Skip the pictures and write out, word for word, the lines below from the one with "Silver Bow Stud Earrings" through the one with "Темноволосая конфетка с", inclusive.
***** Information
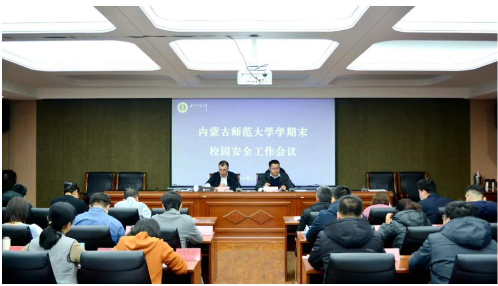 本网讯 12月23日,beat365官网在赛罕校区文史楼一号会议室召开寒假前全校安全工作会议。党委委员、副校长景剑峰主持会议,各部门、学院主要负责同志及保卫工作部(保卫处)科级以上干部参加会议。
**********
***** Information
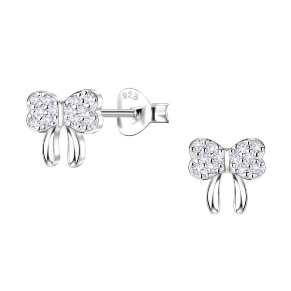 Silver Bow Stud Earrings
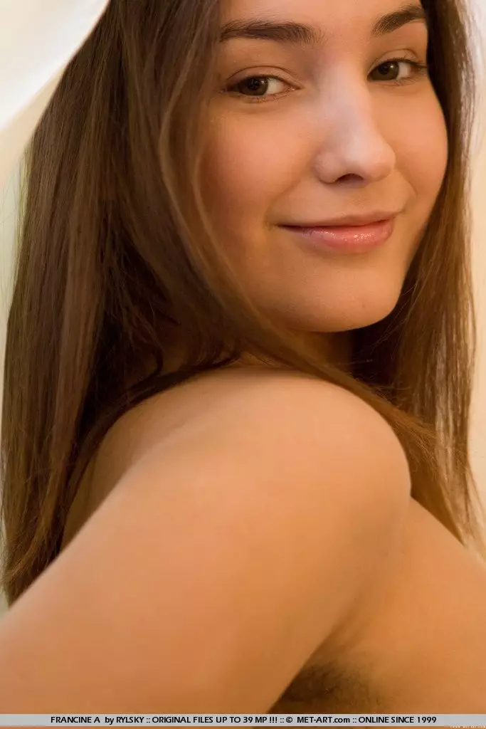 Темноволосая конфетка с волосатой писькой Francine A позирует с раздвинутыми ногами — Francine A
**********
Output for this exercise:
 Silver Bow Stud Earrings
 Темноволосая конфетка с волосатой писькой Francine A позирует с раздвинутыми ногами — Francine A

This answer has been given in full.